The political drawback, of course, is that to maintain the lifestyle to which MP's have become accustomed you would have to increase their salary by a lot more than the £20,000 housing allowance because it is tax free. You would be looking at a basic salary for MP's of about £100,000 and the headlines would be screaming "MP's award themselves a 65% payrise".

And we all remember what happens to elected representatives who award themselves 65% increases, don't we?

So in spite of promises by MP's for reform of the system I expect another fudge on the question of MP's housing allowances this summer, and more revelations and political damage next Autumn as a result.

Blog Updates: I am on holiday for a fortnight from this weekend.

Wednesday, April 02, 2008

A new era for Africa?

The latest rumours leaking out from Harare today suggest that the actual election results from the Zimbabwe elections at the weekend are about 60% MDC in the Parliament and 55% Tsvangerai 40% Mugabe in the Presidential.


The bogosphere is alive with stories of Generals refusing to support the man who put them there, fearing that the level of opposition is just too high.

Apparently, although hotly denied officially, South Africans are in Harare trying to negotiate some kind of a settlement for Mugabe to leave peacefully on his own terms.

This is an intersting story with the potential to make a massive difference to the entire continent of Africa.

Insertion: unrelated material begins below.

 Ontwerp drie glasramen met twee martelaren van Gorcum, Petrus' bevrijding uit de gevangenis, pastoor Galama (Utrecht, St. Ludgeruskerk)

Firstly, if as we all hope and pray, the Mugabe regime ends relatively peacefully this will have been the second occasion this year that genuine democratic change has occurred in previous trouble spots in Africa without resorting to a major civil war (East Africa was the first) and secondly, it will prove that African nations can work together to support the peoples of each nation on the continenent, because on both occasions change will have been brought about for Africans, by Africans without any interference of outsiders.

One of the primary ingredients for economic growth and prosperity for any nation is investment and in the modern world that means encouraging international business and global investors.

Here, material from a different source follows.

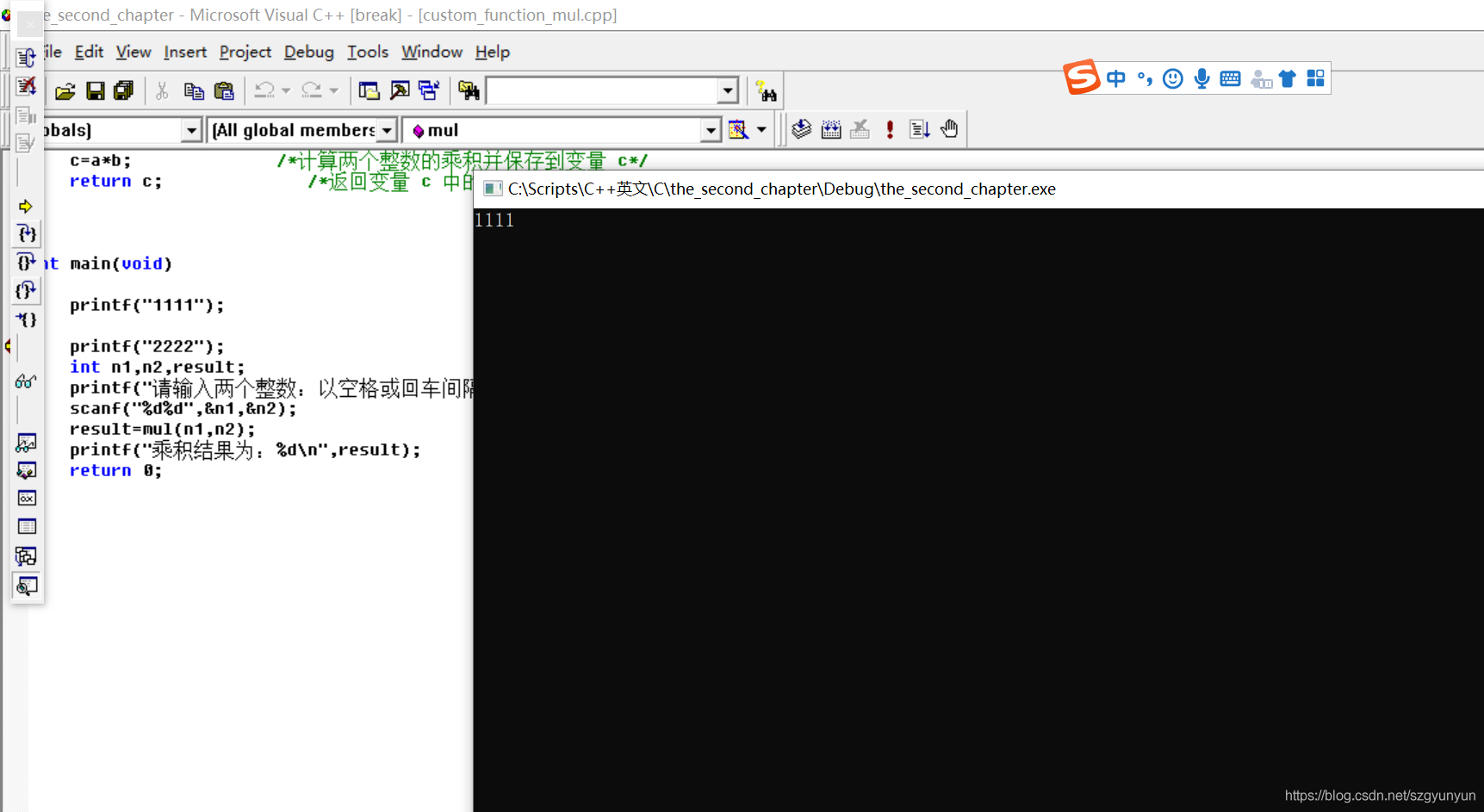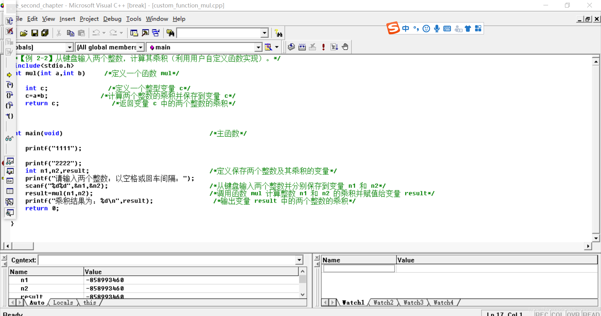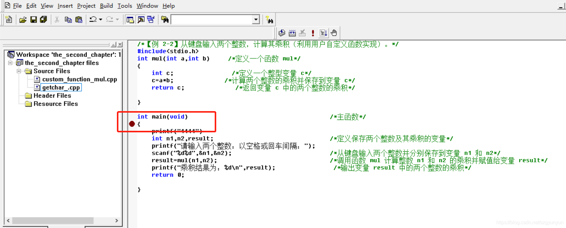 【例 2-2】从键盘输入两个整数,计算其乘积(利用用户自定义函数实现)。

Those investors require punitive returns bordering on exploitation in order to risk their money in regions and countries controlled on the whim of a dictator or where the rule of law is absent.

But in contrast, in African countries where the rule of law and a free democracy is proven to be established - and especially where it has been tested and found resiliant- external investment has flourished, the length of term for investors has extended massively and most important the level of return needed to attract their money has diminished, leaving more in the productive economy and creating wealth there.

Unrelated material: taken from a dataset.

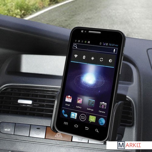 Автодержатель для телефонов, смартфонов и других электронных устройств шириной до 6,5 см. В комплекте идёт крепление на решетку вентиляции, имеющее механизм изменения угла наклона держателя.Особенность устройства - автоматическое выдвижение боковых ограничителей нажатием кнопки.

So the implications o a relatively peaceful handover of power from Mugabe to someone else run much wider than just Zimbabwe, the whole continent of Africa could benefit.

It's a bit early to tell, and we may yet be disappointed, but Africa could be on the threshold of a major new era of stability, peace and growing prosperity.

Update April 4th - sadly the latest news coming from Harare is much less promising that when I wrote this. I will post again as and when we know what is actually going to happen.